(Input data)

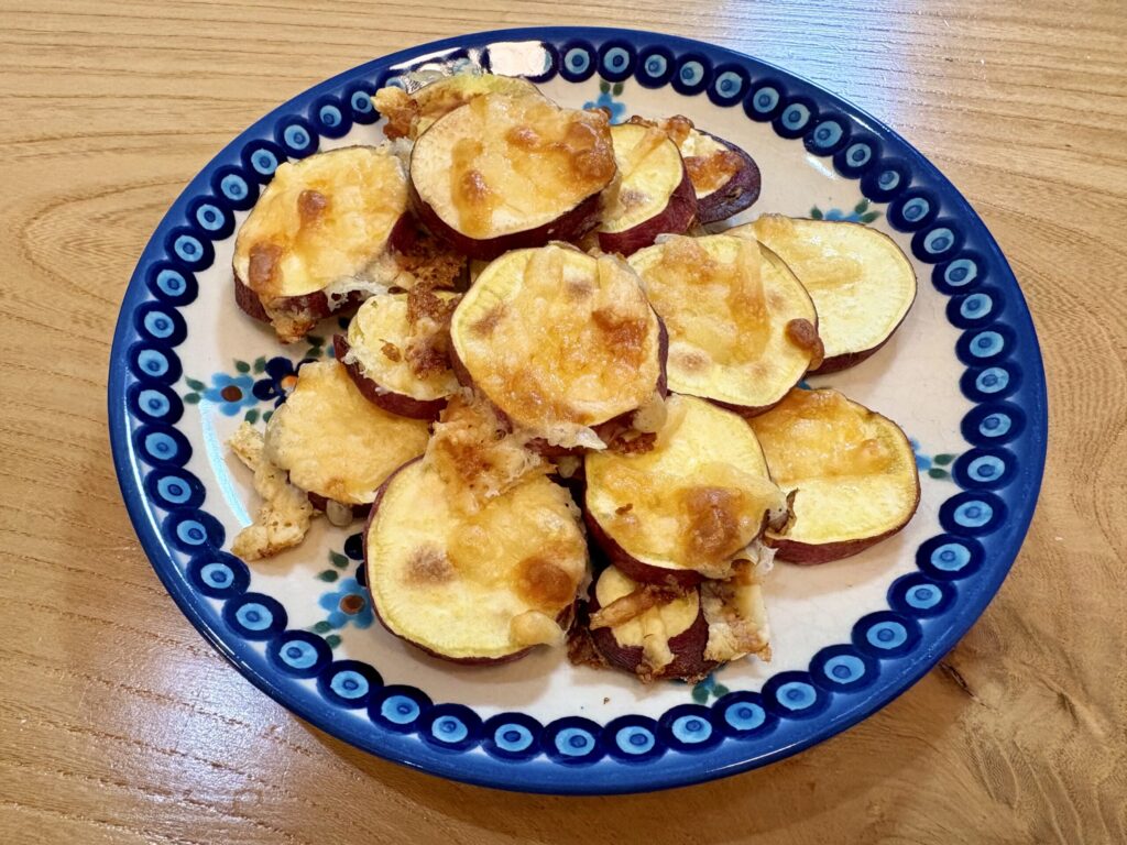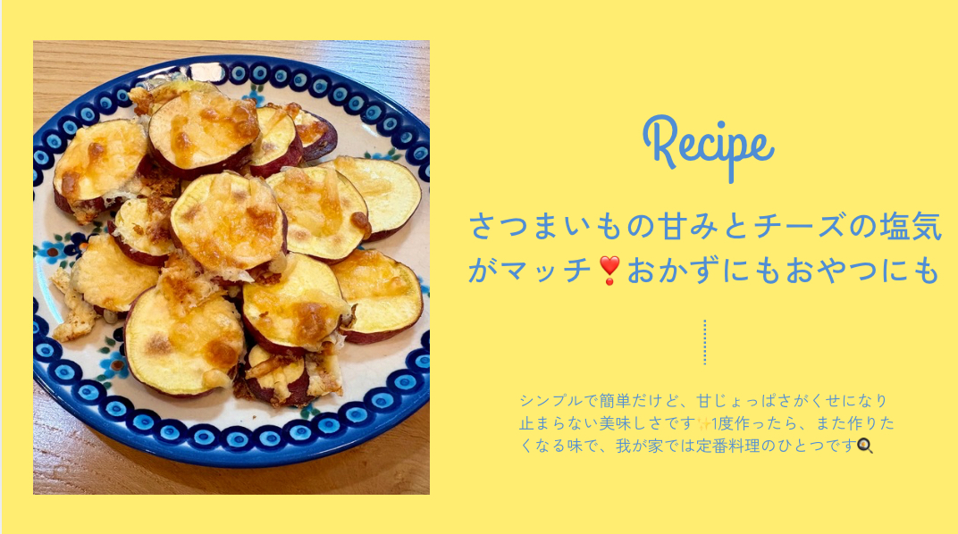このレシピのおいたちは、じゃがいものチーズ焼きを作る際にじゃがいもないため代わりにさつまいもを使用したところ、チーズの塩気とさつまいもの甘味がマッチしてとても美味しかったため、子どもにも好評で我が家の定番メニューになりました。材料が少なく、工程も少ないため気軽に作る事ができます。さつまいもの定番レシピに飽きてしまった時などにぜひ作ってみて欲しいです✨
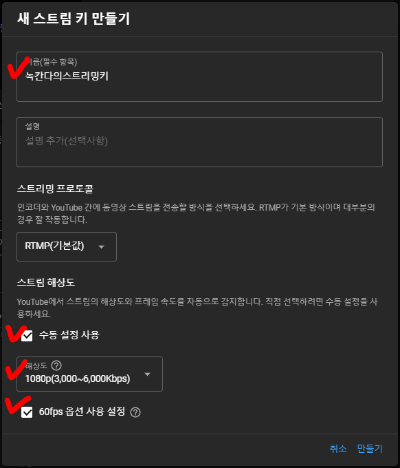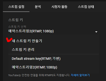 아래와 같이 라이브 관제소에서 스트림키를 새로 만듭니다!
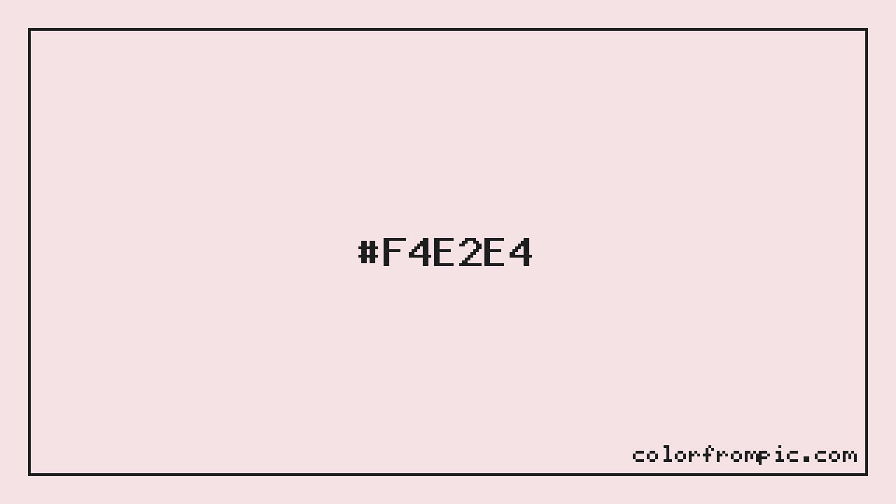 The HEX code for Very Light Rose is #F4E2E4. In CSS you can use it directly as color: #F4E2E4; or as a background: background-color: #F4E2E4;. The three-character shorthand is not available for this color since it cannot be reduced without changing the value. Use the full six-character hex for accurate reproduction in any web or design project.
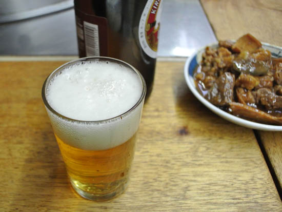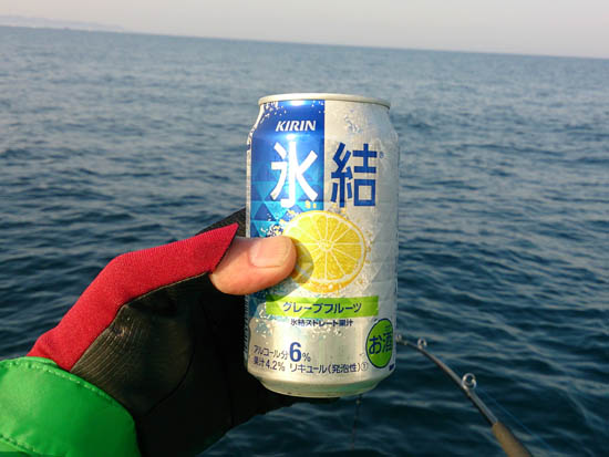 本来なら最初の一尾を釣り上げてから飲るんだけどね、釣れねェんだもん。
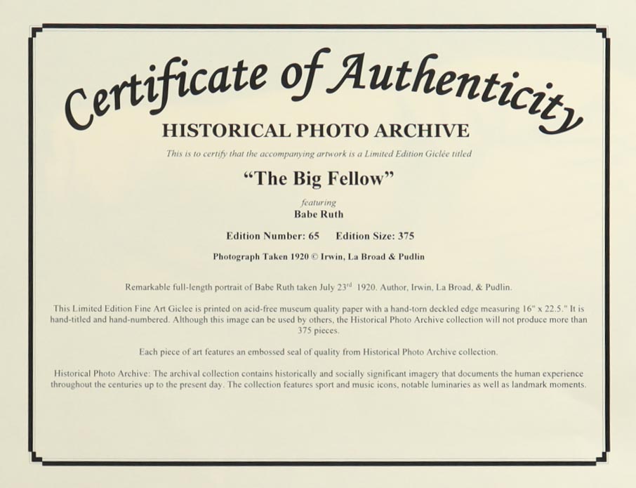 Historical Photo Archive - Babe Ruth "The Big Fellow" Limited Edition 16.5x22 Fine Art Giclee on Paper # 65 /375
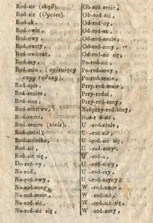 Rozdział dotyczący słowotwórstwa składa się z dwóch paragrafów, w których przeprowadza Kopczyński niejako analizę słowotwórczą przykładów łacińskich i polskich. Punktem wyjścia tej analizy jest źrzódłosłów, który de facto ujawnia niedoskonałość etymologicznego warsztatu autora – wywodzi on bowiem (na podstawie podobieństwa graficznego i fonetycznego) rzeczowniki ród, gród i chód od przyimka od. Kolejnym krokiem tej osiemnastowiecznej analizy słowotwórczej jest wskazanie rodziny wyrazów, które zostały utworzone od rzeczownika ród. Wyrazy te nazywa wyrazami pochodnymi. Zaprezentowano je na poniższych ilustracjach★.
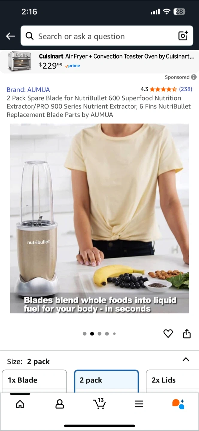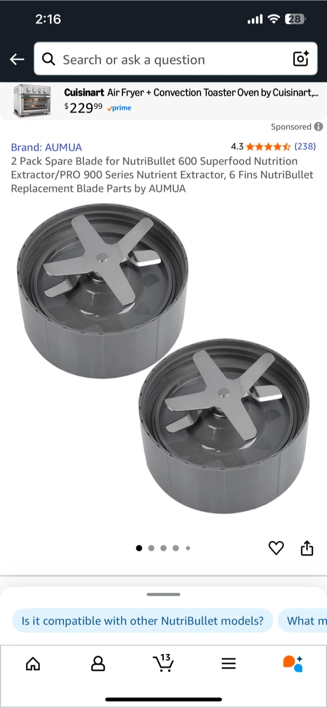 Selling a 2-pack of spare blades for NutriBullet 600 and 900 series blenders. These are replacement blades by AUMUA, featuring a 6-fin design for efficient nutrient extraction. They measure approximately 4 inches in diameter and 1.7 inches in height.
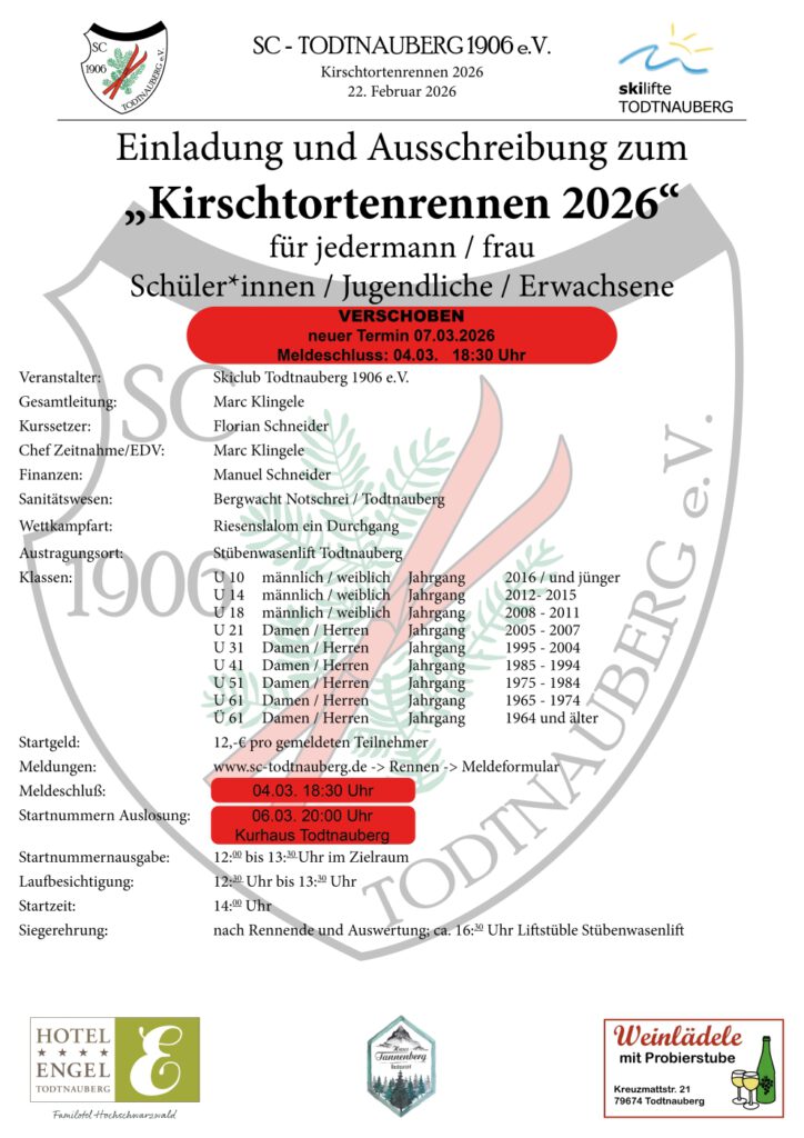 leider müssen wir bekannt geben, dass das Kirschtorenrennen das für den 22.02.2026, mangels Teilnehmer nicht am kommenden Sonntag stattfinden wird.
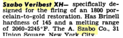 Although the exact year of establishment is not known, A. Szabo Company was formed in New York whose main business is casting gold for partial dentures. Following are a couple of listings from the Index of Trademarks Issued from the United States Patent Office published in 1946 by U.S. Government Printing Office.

(End Input data)

Goal of the exercise: Pictures excluded, repeat the material above from its first line through the line containing "Selling a 2-pack", both included.

Final answer:
このレシピのおいたちは、じゃがいものチーズ焼きを作る際にじゃがいもないため代わりにさつまいもを使用したところ、チーズの塩気とさつまいもの甘味がマッチしてとても美味しかったため、子どもにも好評で我が家の定番メニューになりました。材料が少なく、工程も少ないため気軽に作る事ができます。さつまいもの定番レシピに飽きてしまった時などにぜひ作ってみて欲しいです✨
 아래와 같이 라이브 관제소에서 스트림키를 새로 만듭니다!
 The HEX code for Very Light Rose is #F4E2E4. In CSS you can use it directly as color: #F4E2E4; or as a background: background-color: #F4E2E4;. The three-character shorthand is not available for this color since it cannot be reduced without changing the value. Use the full six-character hex for accurate reproduction in any web or design project.
 本来なら最初の一尾を釣り上げてから飲るんだけどね、釣れねェんだもん。
 Historical Photo Archive - Babe Ruth "The Big Fellow" Limited Edition 16.5x22 Fine Art Giclee on Paper # 65 /375
 Rozdział dotyczący słowotwórstwa składa się z dwóch paragrafów, w których przeprowadza Kopczyński niejako analizę słowotwórczą przykładów łacińskich i polskich. Punktem wyjścia tej analizy jest źrzódłosłów, który de facto ujawnia niedoskonałość etymologicznego warsztatu autora – wywodzi on bowiem (na podstawie podobieństwa graficznego i fonetycznego) rzeczowniki ród, gród i chód od przyimka od. Kolejnym krokiem tej osiemnastowiecznej analizy słowotwórczej jest wskazanie rodziny wyrazów, które zostały utworzone od rzeczownika ród. Wyrazy te nazywa wyrazami pochodnymi. Zaprezentowano je na poniższych ilustracjach★.
 Selling a 2-pack of spare blades for NutriBullet 600 and 900 series blenders. These are replacement blades by AUMUA, featuring a 6-fin design for efficient nutrient extraction. They measure approximately 4 inches in diameter and 1.7 inches in height.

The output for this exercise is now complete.